Surface resistivity: Injection molding machine (manufactured by Sumitomo Heavy Industries, SH100, mold clamping force 100T), resin temperature (measured temperature of purge resin): 300 ° C, mold temperature: 80 ° C, mold: vertical 100mm, horizontal A molded product obtained by injection molding under the conditions of 100 mm and thickness 2 mm was measured with a resistivity meter (manufactured by Advantest Co., Ltd .: R8340 digital ultrahigh resistance / microammeter and R12704 resiliency chamber). . The measurement was performed on three samples, and the average value was defined as the surface resistivity. The surface resistivity is displayed in units of “Ω / □”.

<Chalk resistance>
Using an injection molding machine (manufactured by Sumitomo Heavy Industries, SH100, clamping force 100T), resin temperature (measured temperature of purge resin): 300 ° C., mold temperature: 80 ° C., mold: vertical 100 mm, horizontal A molded article having a thickness of 100 mm and a thickness of 2 mm was injection-molded, and the obtained injection-molded article was visually observed for the color of the paper surface when the edge portion was rubbed against white paper. ”And“ ×: Defect ”.

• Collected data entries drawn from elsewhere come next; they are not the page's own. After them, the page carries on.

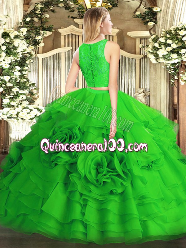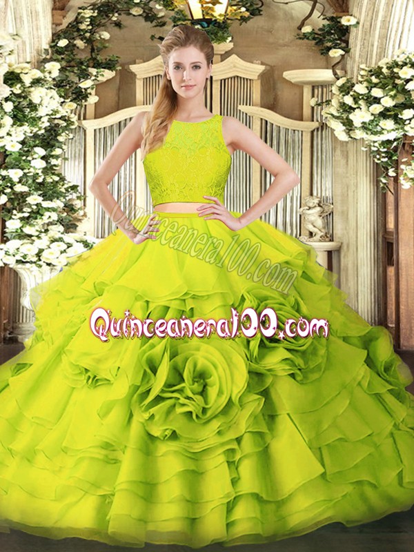 Neckline : ScoopShown Color : Yellow GreenSilhouette : Two PiecesSleeve Length : sleevelessHemline : floor lengthBack Detail : ZipperFabric : TulleEmbellishment : RufflesOccasion : Military Ball,Sweet 16,QuinceaneraSeason : Spring,Summer,Fall,Winter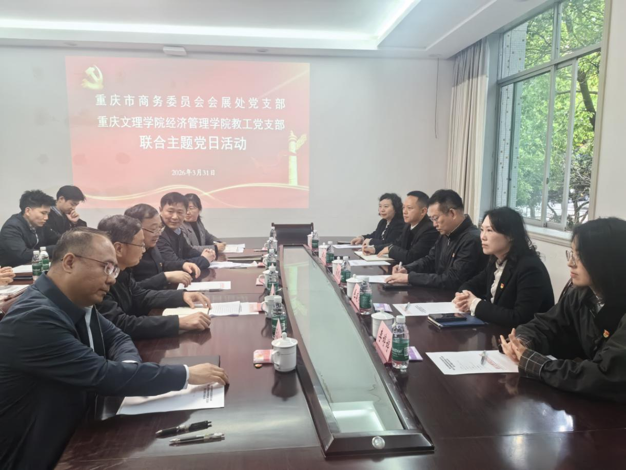 为深入学习贯彻习近平总书记关于树立和践行正确政绩观的重要论述,将正确政绩观转化为服务重庆“国际会展名城”建设的实际行动,2026年3月31日,市商务委会展处党支部主动走进重庆文理学院,与该校经济管理学院教工党支部开展“践行正确政绩观·共建国际会展名城”支部联建主题党日活动。市商务委副主任孙熙勇以普通党员身份参加活动。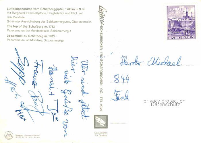 72693460 alte Postkarte Mondsee Salzkammergut Schafsberg Zellersee Luftaufnahme postalisch gelaufen Erhaltung siehe scans [KathaD79] KatCode: 11390315041715

  From Table 1, the resin composition of the present invention is excellent in thermal conductivity and insulation, and in particular, by blending (C) an insulating filler together with (B) graphite, the thermal conductivity can be further improved. I understand. Moreover, it turns out that it is more preferable to use glass flakes rather than glass fiber as an insulating filler especially in terms of improving thermal conductivity.

Claims (7)

(A) 20% by mass to 85% by mass of a thermoplastic resin, (B) 5% by mass to 30% by mass of plate-like graphite having an apparent density of 0.16 g / cm ³ or more, and (C) electric insulation. A high thermal conductive resin composition comprising 10% by mass or more and 60% by mass or less of a filler (hereinafter referred to as “insulating filler”).   2. The relationship between (B) graphite content B and (C) insulating filler content C is expressed by C = aB, wherein a is 1 or more and 2 or less. The high thermal conductive resin composition as described in 1.   (B) When the relationship between the average particle diameter R1 of graphite and the average particle diameter R2 of (C) the insulating filler is represented by R2 = bR1, b is 0.1 or more and less than 15. The high thermal conductive resin composition according to claim 1 or 2.   (C) The highly insulating resin composition according to any one of claims 1 to 3, wherein the insulating filler is a plate-like filler.   (C) Insulating filler is glass flakes, The highly heat conductive resin composition of Claim 4 characterized by the above-mentioned.   (A) Thermoplastic resin contains polycarbonate-type resin, The highly heat conductive resin composition in any one of Claim 1 thru | or 5 characterized by the above-mentioned.   A high thermal conductive resin molded product obtained by molding the high thermal conductive resin composition according to claim 1.